DATA PROVIDED:
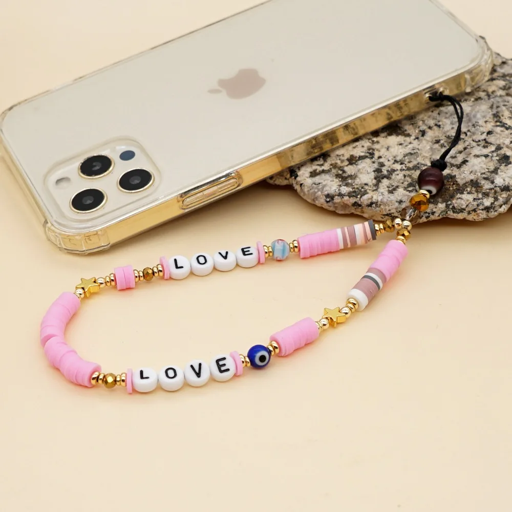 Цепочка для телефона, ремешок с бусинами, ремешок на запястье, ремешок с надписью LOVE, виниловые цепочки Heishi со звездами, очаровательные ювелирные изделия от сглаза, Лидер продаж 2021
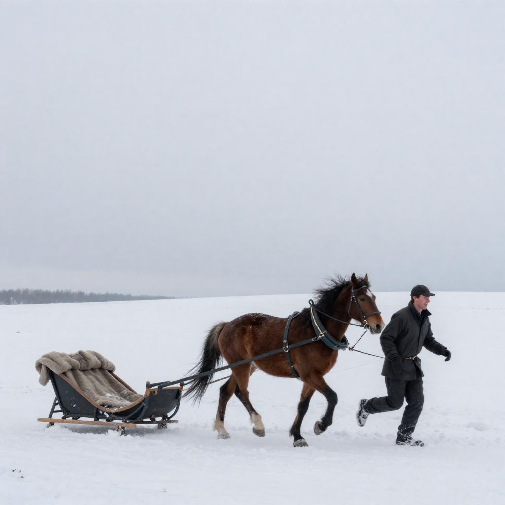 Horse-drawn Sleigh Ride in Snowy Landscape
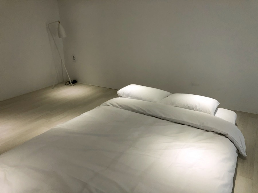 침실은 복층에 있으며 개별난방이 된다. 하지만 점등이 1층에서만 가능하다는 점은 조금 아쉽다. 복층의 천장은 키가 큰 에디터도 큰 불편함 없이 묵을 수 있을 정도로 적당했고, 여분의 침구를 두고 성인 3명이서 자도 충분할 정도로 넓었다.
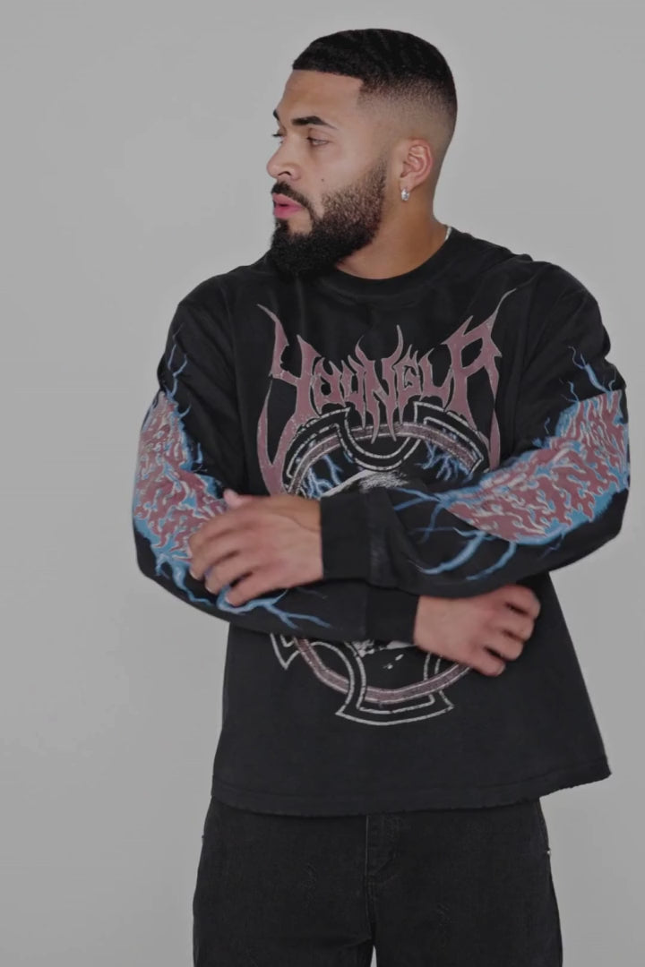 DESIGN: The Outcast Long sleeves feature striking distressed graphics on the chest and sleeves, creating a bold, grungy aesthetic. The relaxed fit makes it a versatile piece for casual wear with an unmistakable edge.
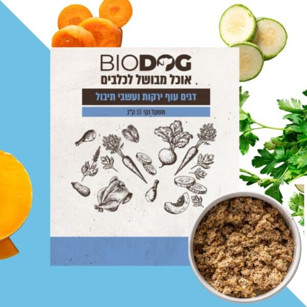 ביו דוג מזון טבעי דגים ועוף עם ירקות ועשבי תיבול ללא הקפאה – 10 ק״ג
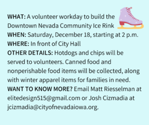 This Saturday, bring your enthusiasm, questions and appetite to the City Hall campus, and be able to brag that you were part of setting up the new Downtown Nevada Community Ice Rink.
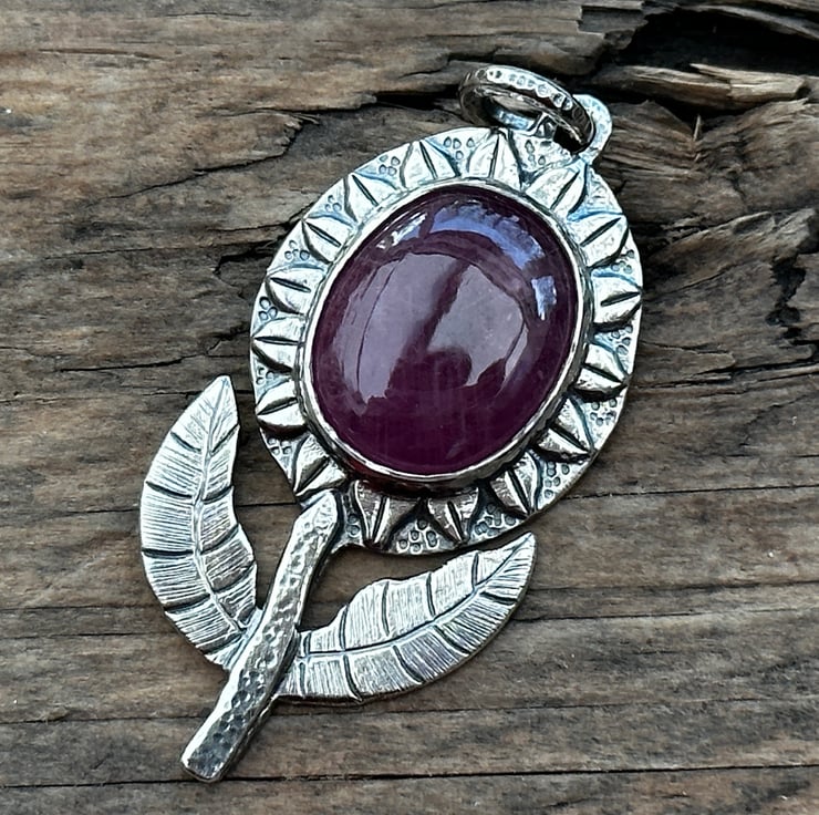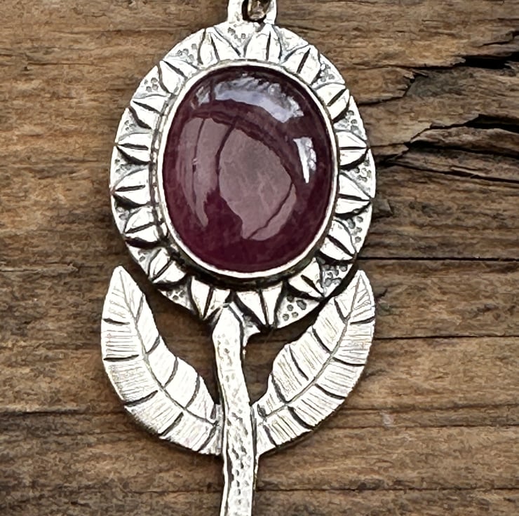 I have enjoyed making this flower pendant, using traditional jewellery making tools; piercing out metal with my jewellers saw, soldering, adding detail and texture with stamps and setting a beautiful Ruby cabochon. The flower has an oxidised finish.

PROBLEM TO WORK ON: With pictures excluded, reproduce exactly the lines above from the one containing "침실은 복층에 있으며" down to the one containing "This Saturday, bring", those two included.

FINISHED TASK:
 침실은 복층에 있으며 개별난방이 된다. 하지만 점등이 1층에서만 가능하다는 점은 조금 아쉽다. 복층의 천장은 키가 큰 에디터도 큰 불편함 없이 묵을 수 있을 정도로 적당했고, 여분의 침구를 두고 성인 3명이서 자도 충분할 정도로 넓었다.
 DESIGN: The Outcast Long sleeves feature striking distressed graphics on the chest and sleeves, creating a bold, grungy aesthetic. The relaxed fit makes it a versatile piece for casual wear with an unmistakable edge.
 ביו דוג מזון טבעי דגים ועוף עם ירקות ועשבי תיבול ללא הקפאה – 10 ק״ג
 This Saturday, bring your enthusiasm, questions and appetite to the City Hall campus, and be able to brag that you were part of setting up the new Downtown Nevada Community Ice Rink.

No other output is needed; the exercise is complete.